© Copyright: Images: Jari Peltomäki. Recording: Jan-Erik Bruun. All rights reserved.

Red-necked Phalarope

Phalaropus lobatus

  • Family: Sandpipers – Scolopacidae
  • Appearance: A small slender wader, often seen swimming. Bill very narrow. Pale wing stripe prominent, middle of rump dark brownish. In summer plumage has rusty red patch on neck, in winter plumage very pale.
  • Size: Length 17–19 cm, wingspan 30–34 cm, weight 26–43 g.
  • Nest: On a hummock surrounded by water or a raft made of floating vegetation, lined with dry grass and leaves.
  • Breeding: 4 eggs laid in June, incubated by male for 18–20 days. Fledglings leave the nest soon after hatching and learn to find food for themselves. They learn to fly within about 18–20 days. Females abandon their fledglings to be raised by males, and may also then mate with another male.
  • Distribution: Breeds on the tundra and in high wetlands in Finnish Lapland, also in small numbers in the Suomenselkä region, along the coasts of the Bothnian Sea, and in a separate population in the Kvarken Archipelago. Finnish breeding population estimated at 7,000–9,000 pairs
  • Migration: Mainly by night. Flies south in July–August, returning May–June after wintering in open waters in the Indian Ocean.
  • Diet: Small aquatic insects and their larvae, caught in waters and sediments stirred up by the birds’ movements when swimming.
  • Endangerment: Vulnerable, protected in Finland. Globally Least concern.

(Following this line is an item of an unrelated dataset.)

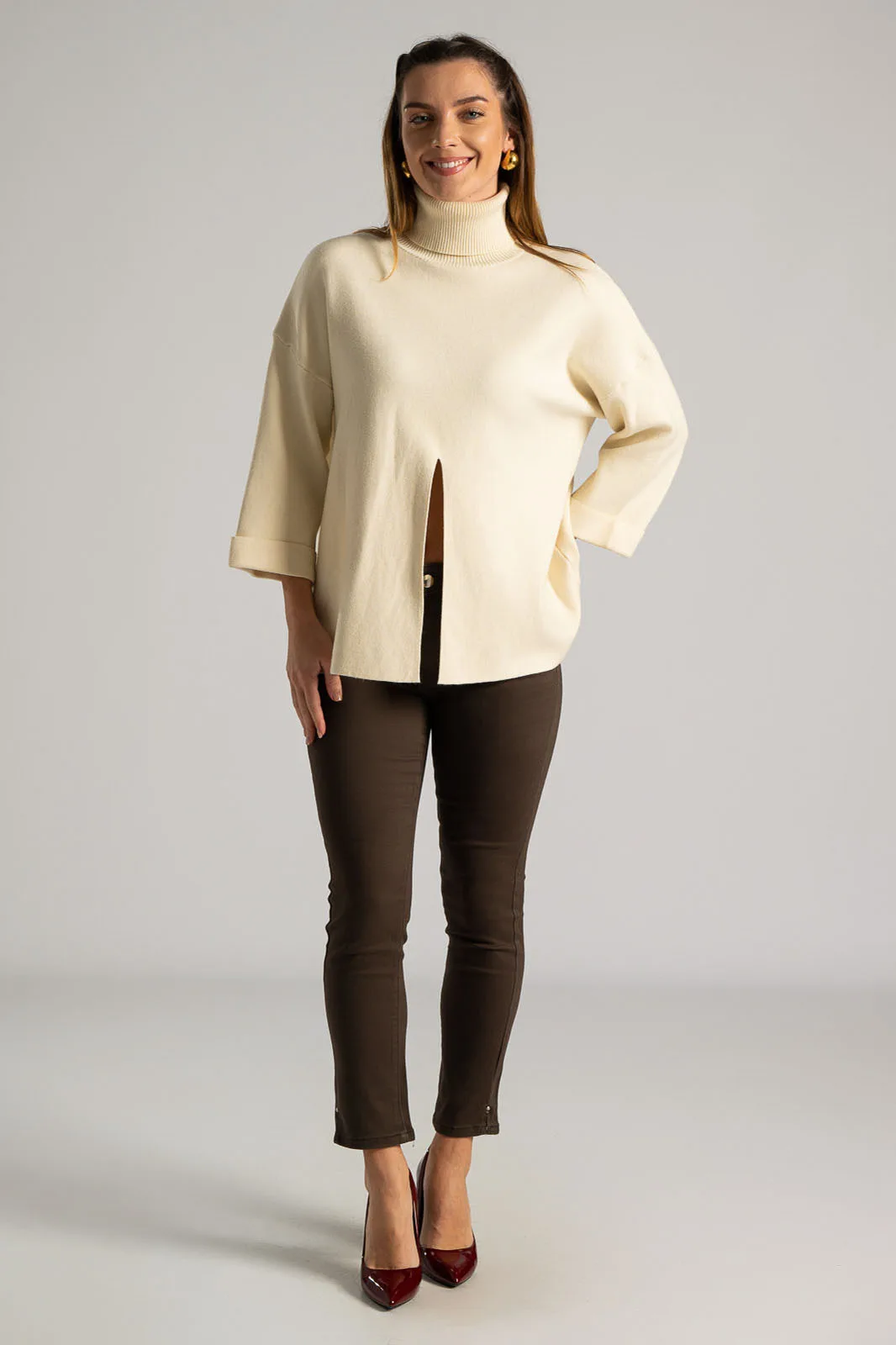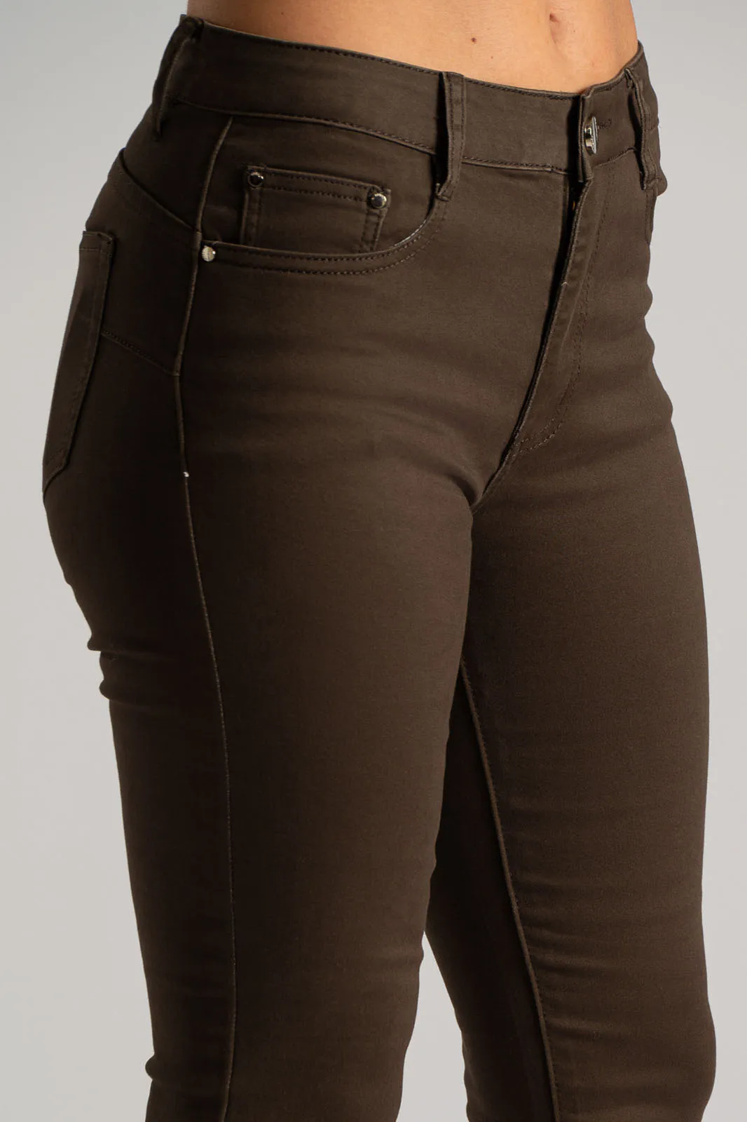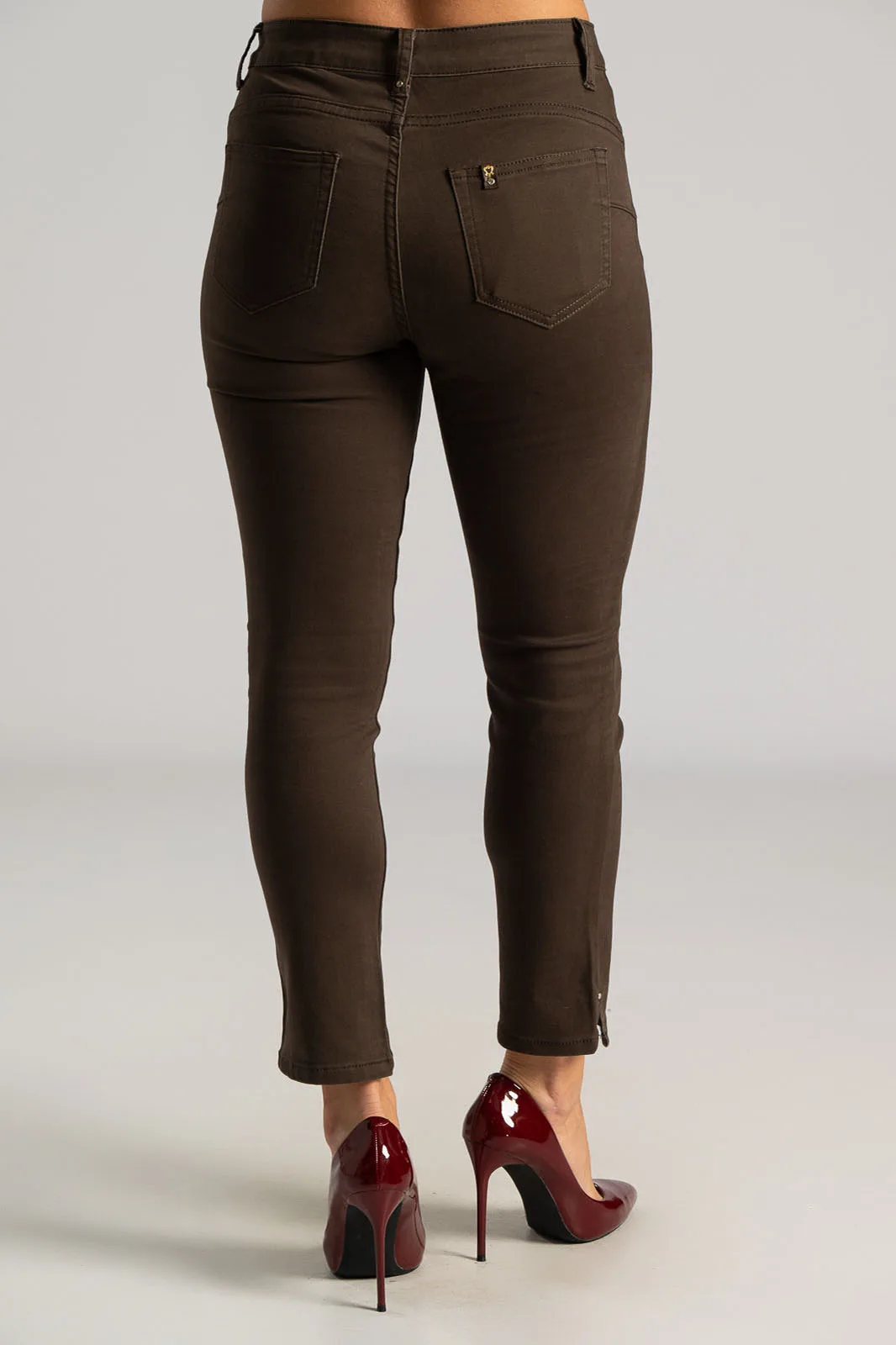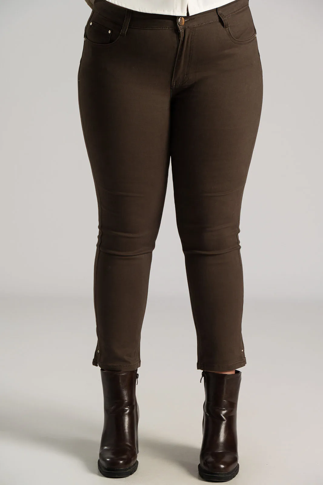 Jeans. Fastens with a button and zipper. It has 5 pockets. It features decorative rhinestones in some areas. The measurements in the table are representative of each product. 63% cotton, 34% polyester, 3% elastane.

In their summer plumage, Red-necked Phalaropes generally appear brownish grey, which is the dominant colour on their caps, cheeks, breasts, flanks and back. Their backs are marked with rusty yellowish streaks, similar to the Jack Snipe, and the feathers on their wing coverts have yellowish brown edges. They have a rusty red patch on their necks. During the breeding season females have brighter colouring than males. Normal gender roles are reversed among phalaropes: females perform courtship displays and abandon their young after they hatch for the males to raise. In their winter plumage, Red-necked Phalaropes are very pale, with pale grey upper parts, and dark colouring only on the rear end of their caps, and in a short black eyes stripe.

Juveniles’ plumage resembles adults’ summer plumage on their backs, but their bellies are yellowish brown with a reddish tinge. They have dark caps and eye stripes similar to those on adults in winter plumage. Red-necked Phalaropes have narrow, needle-like black bills. Their irises are dark brown. Their legs are dark grey (mature birds) or bluish pink. Young birds have yellow webs (lobed toes).